- **ABOUT THIS TASK**
Print exactly the lines of the listing below from the one containing "رجل صناعية لحصان" through the final line, both included, and no pictures.

- **RECORD EXCERPTS**

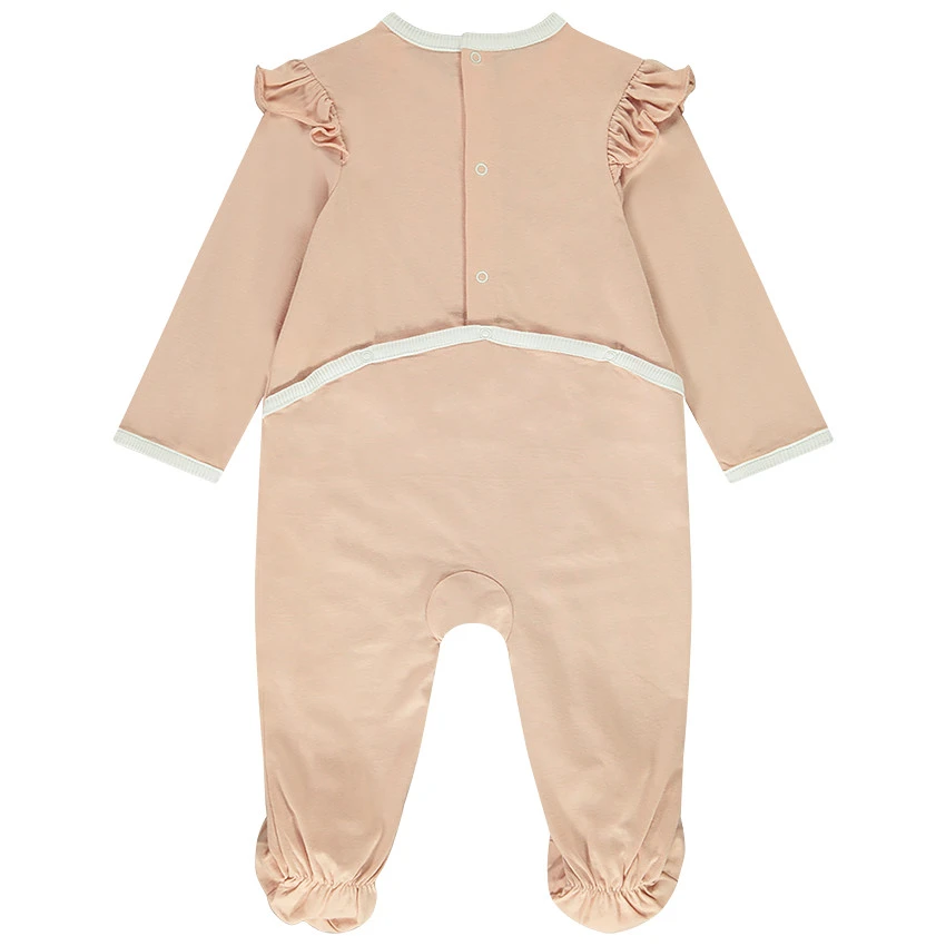 Encolure ronde et emmanchures en bord côte contrasté. Manches longues avec épaules volantées. Ouverture pressionnée sur le devant et à l’entrejambe. Print Harry Potter sur le devant. Pieds fermés.
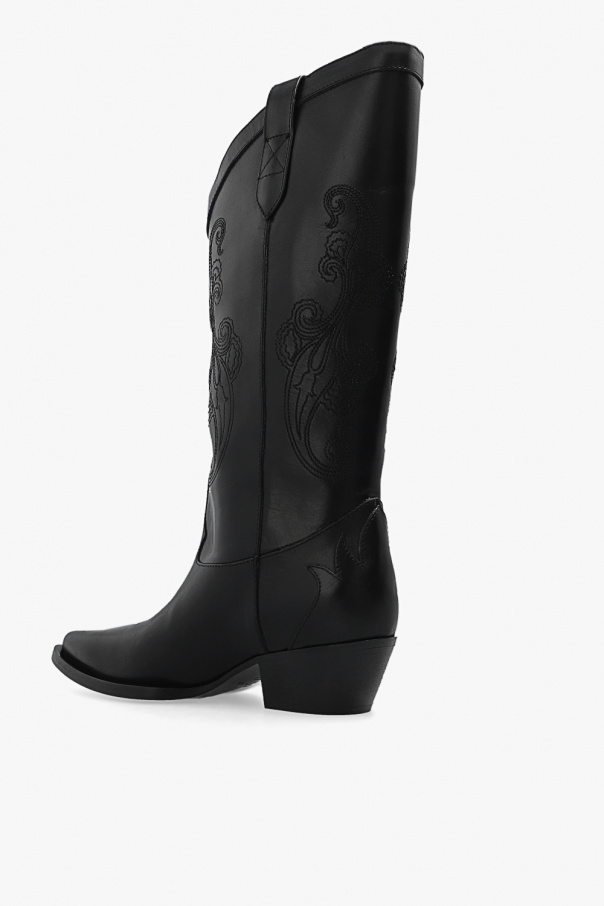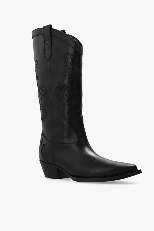 Black shoes from Etro. Crafted from leather with a pointed toe silhouette, this model showcases Paisley motif embroidery, asymmetrical trims and a black leather sole with anti-skidding rubber inserts.
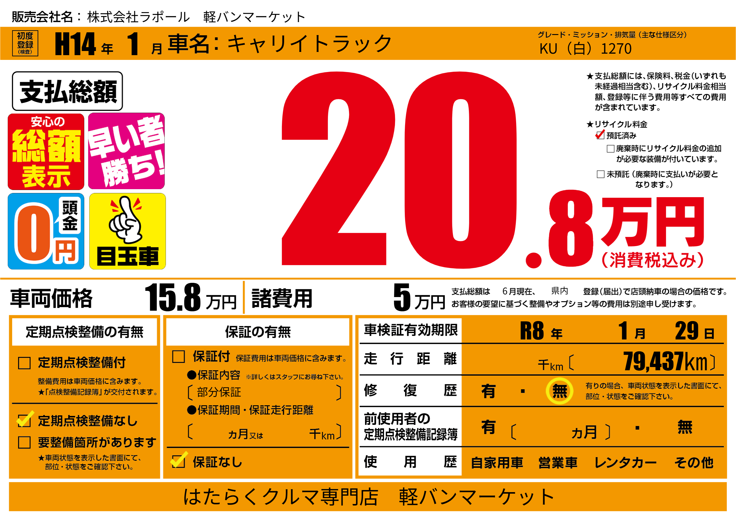 | 走行キロ | - | 初年度登録 | H14年1月 |
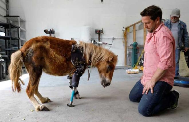رجل صناعية لحصان صغير في مركز لرعاية الحيوانات في امريكا
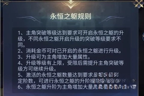 当你激活的身躯数量和等级达到一定条件时,就能对角色的永恒之躯进行升级。升级将直接带来强力属性的提升,让你的角色如虎添翼。
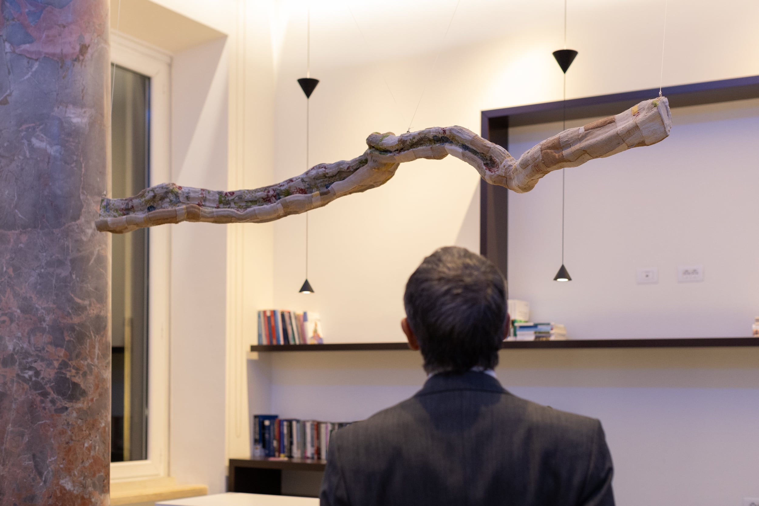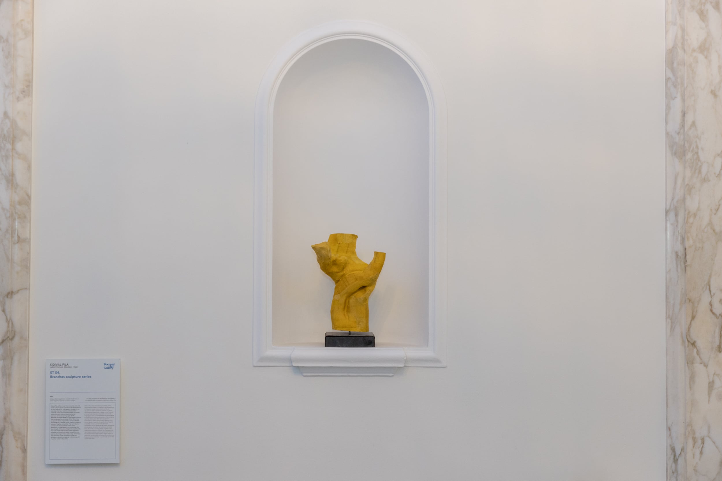 Fila reinterpreta la suppellettile ecclesiastica e apre un’originale dimensione umanistica. Se il paramento contiene un proprio significato liturgico, nella rielaborazione artistica l’oggetto si carica di inediti valori semantici. Il gesto deposita sullo strato un verso nuovo, sedimentato attraverso cuciture, tagli e rimodellamenti. In ST 04, Branches sculpture series (2021) brandelli di tessuto sono applicati su un supporto in legno e operano un bilanciamento tra consistenza e leggerezza, immanenza e trascendenza.

- **RESULT FOR THIS EXERCISE**
رجل صناعية لحصان صغير في مركز لرعاية الحيوانات في امريكا
 当你激活的身躯数量和等级达到一定条件时,就能对角色的永恒之躯进行升级。升级将直接带来强力属性的提升,让你的角色如虎添翼。
 Fila reinterpreta la suppellettile ecclesiastica e apre un’originale dimensione umanistica. Se il paramento contiene un proprio significato liturgico, nella rielaborazione artistica l’oggetto si carica di inediti valori semantici. Il gesto deposita sullo strato un verso nuovo, sedimentato attraverso cuciture, tagli e rimodellamenti. In ST 04, Branches sculpture series (2021) brandelli di tessuto sono applicati su un supporto in legno e operano un bilanciamento tra consistenza e leggerezza, immanenza e trascendenza.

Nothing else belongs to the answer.